Consumers are able to check whether they’re buying personal property with existing finance owing, particularly in relation to highly mobile property like motor vehicles. Creditors who register a security interest get priority over that personal property, which means that, if a debtor defaults, the creditor may have a better chance of recovering property or money they’re owed. The Register is also important when deciding whether to lend money or lease equipment as searching the Register can show whether the debtor has other security interests registered against them or over the property they are proposing to use as collateral.

What do you have planned for the future for this significant register?

The Register is over 14 years old and we are undertaking a technology refresh to mitigate the risks and costs associated with ageing technology. Given the successful operation of the Register in the New Zealand jurisdiction, the Personal Property Securities Act 1999, regulations and core functionality will fundamentally remain the same. The main changes in the new Register will be the recognition of the New Zealand Business Number and an improved user experience.

How does the Register contribute to New Zealand’s reputation internationally?

New Zealand’s Personal Property Securities Act 1999 and the associated Register are well respected internationally. We are leaders in modern securities registration and consistently rank highly among the best jurisdictions in the world. The 2017 World Bank Ease of Doing Business rankings placed New Zealand first in the world for getting credit. The Personal Property Securities Register directly supported this rank through successful ‘strength of legal rights’ and ‘depth of credit information’ indexes. This contributed to New Zealand being ranked first in the world for ease of doing business.

How do you manage director prohibitions and disqualified directors?

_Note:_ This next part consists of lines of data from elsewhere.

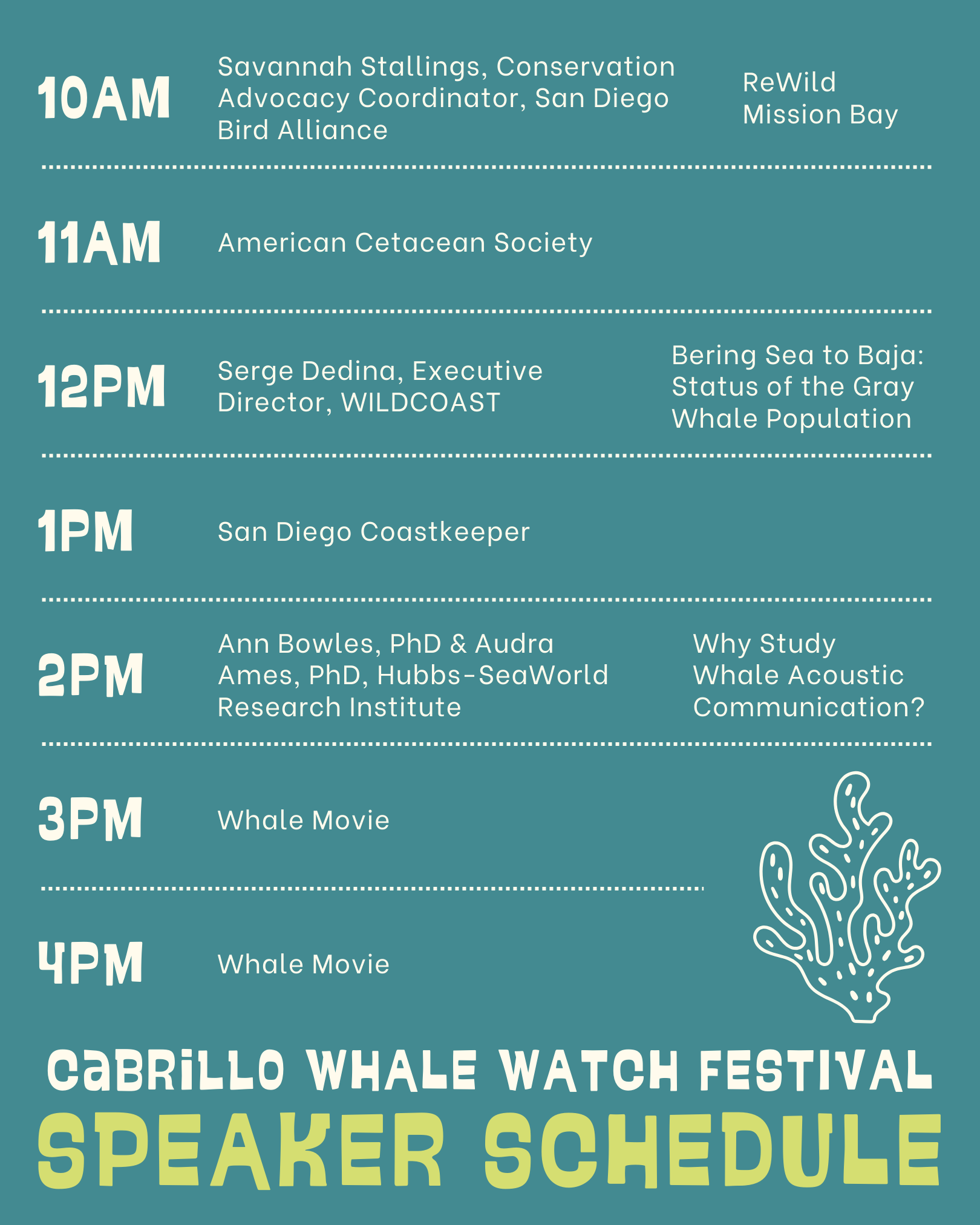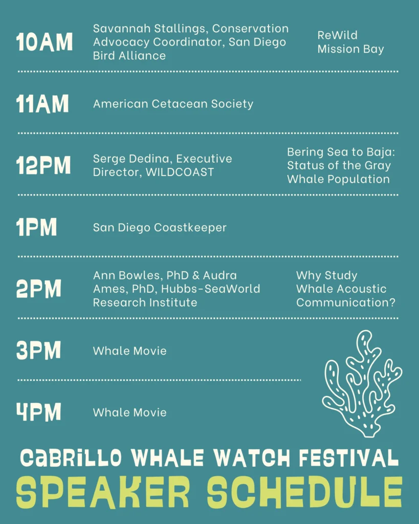 Cabrillo Whale Watch Festival is an all-ages celebration at Cabrillo National Monument, featuring exhibitors, speakers, hands-on crafts, guided land-based whale watching, and more!
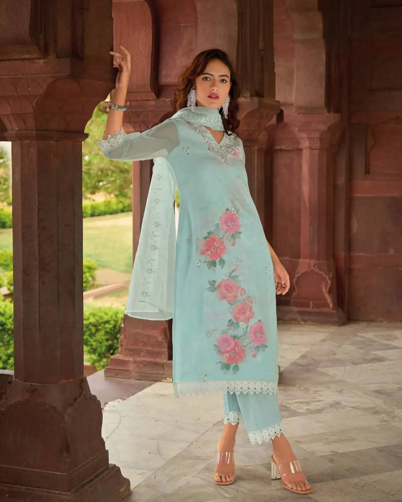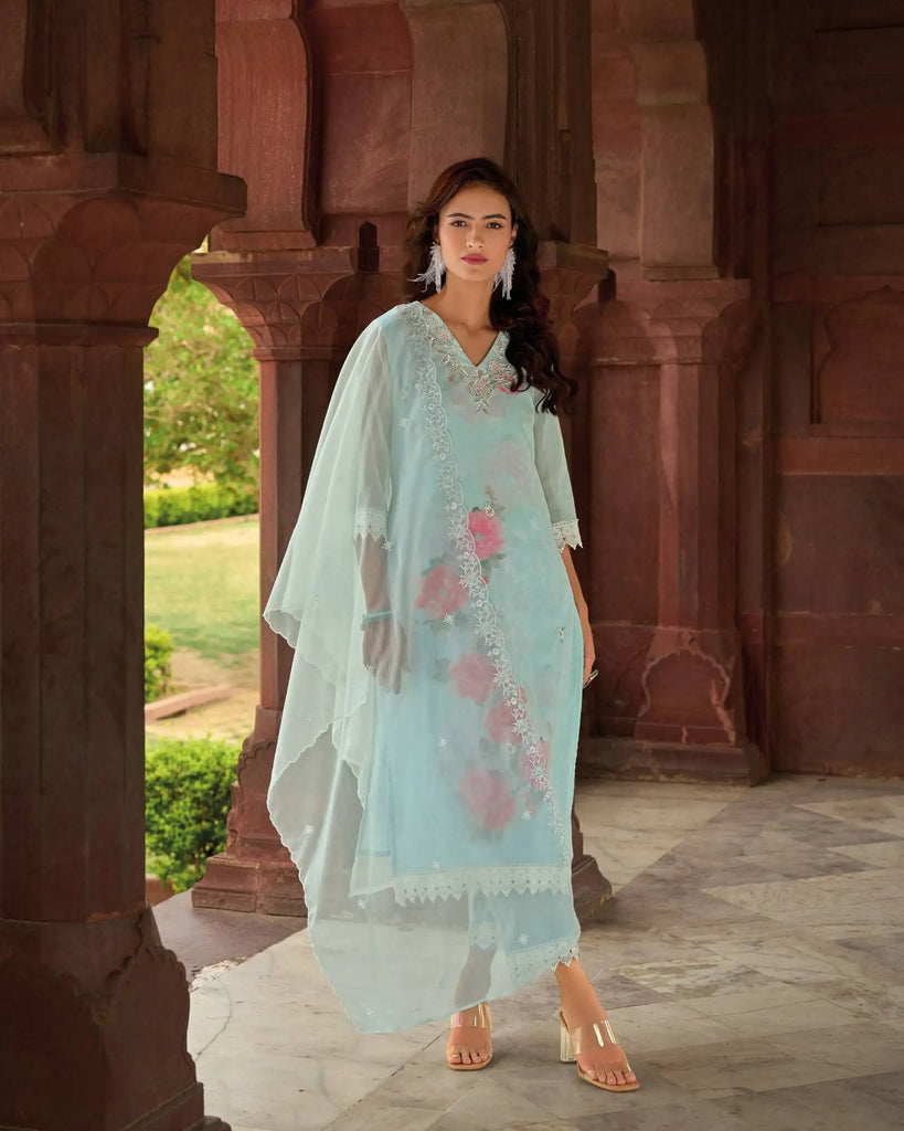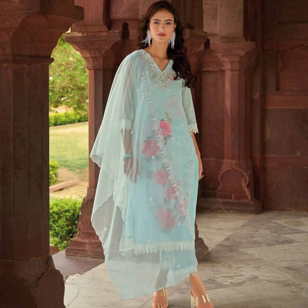 Discover the sophisticated charm of Silaihouse's 3-Piece Suit Set. The top kurta, made from opulent organza fabric, features detailed embroidery and lacework, along with a comfortable cotton lining.
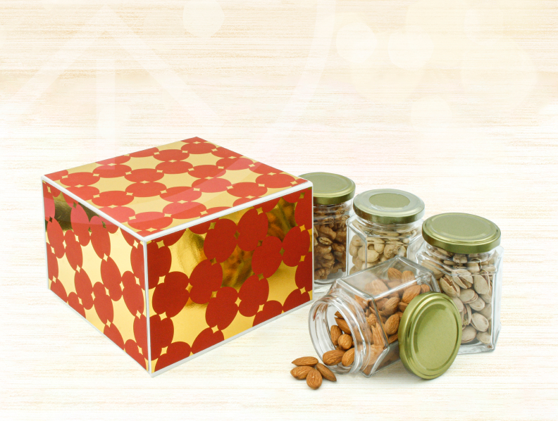 Horizontal Hardbound Box With Four Jar For Gifting With Bag
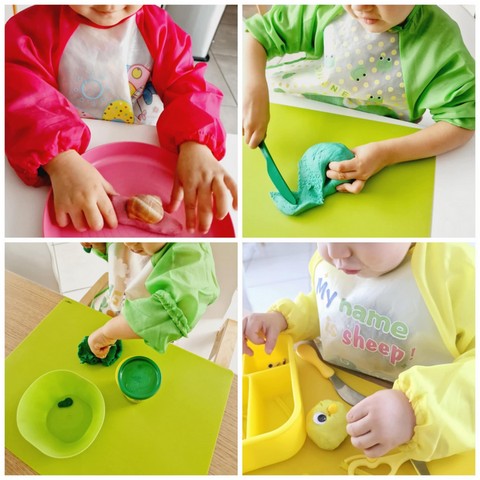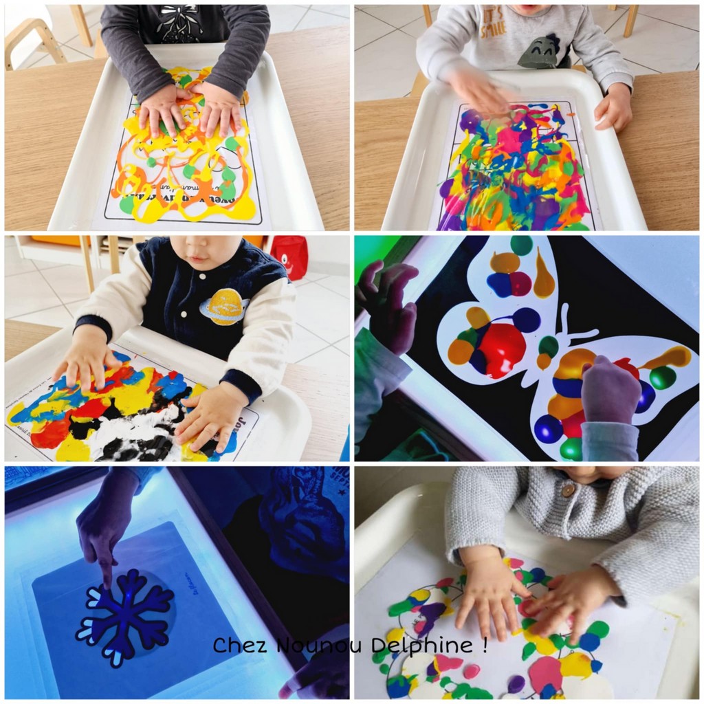Cela permet de découvrir les textures, les mélanges, les mouvements, tout en gardant les mains propres et sans risque de taches.
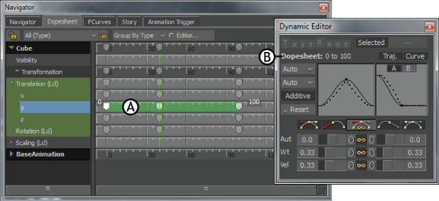 Editing keyframes A. Three keyframes selected in the Dopesheet window B. The Dynamic Editor indicating only the keyframes selected in the Dopesheet window are modified
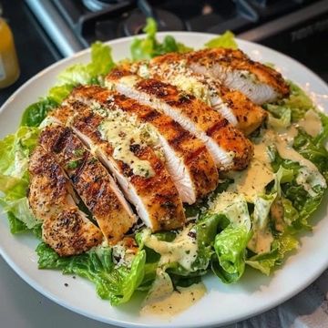 Healthy size crisp romaine hearts tossed in our signature creamy Caesar dressing, topped with a massive, perfectly seared chicken breast, shaved Parmesan, and cracked black pepper.
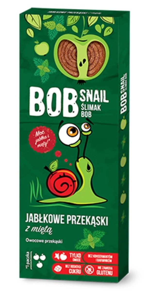 BOB SNAIL Przekąska jabłko mięta 30 g to nietuzinkowe połączenie słodyczy soczystego jabłka z orzeźwiającym akcentem mięty. Dzięki tej kompozycji smaków przekąska wyróżnia się delikatnym, owocowym aromatem, któremu towarzyszy subtelna, miętowa nuta. Całość przyciąga uwagę swoją prostotą i naturalnym składem.

I believe that businesses that understand the law are more likely to comply with it. An important aspect of the work we do is helping directors and companies understand the laws that apply to them and what their obligations are. While the vast majority of directors are compliant, there are instances where we must prohibit someone from being a director.  

In brief, those who do not qualify to be a director include (sections 151 and 382 – 385 of the Companies Act 1993):

  • those under 18 years of age;
  • undischarged bankrupts;
  • certain prohibited persons;
  • persons subject to a property order under the Protection of Personal and Property Rights Act 1988;
  • those not eligible because of requirements in the company’s constitution.

I’m able to prohibit persons from being directors or taking part in the management of a company for a period of up to ten years (section 385 of the Companies Act). The Registrar’s power of prohibition can be exercised where a person has been a director, within the previous five years, of one or more companies that have failed, and their mismanagement was at least partly causative of the failure/s.  In addition the Court is able to make director disqualification orders without any maximum term.

There is also an automatic director prohibition for a period of five years from conviction for persons who have been convicted of:

  • criminal offending in relation to the promotion, formation, or management of a company (being an offence that is punishable by a term of imprisonment of not less than three months); or
  • certain offending under the Companies Act; or
  • any crime involving dishonesty as defined in the Crimes Act 1961.

The prohibition of directors helps to provide protection for the public from directors who have mismanaged companies or been convicted of a crime involving dishonesty (section 382 – 385AA of the Companies Act). This means that for the period of their prohibition, these directors are not able to be appointed directors of a company or be involved in a company. Prohibition also acts as a deterrent and serves to set appropriate standards of behaviour for directors.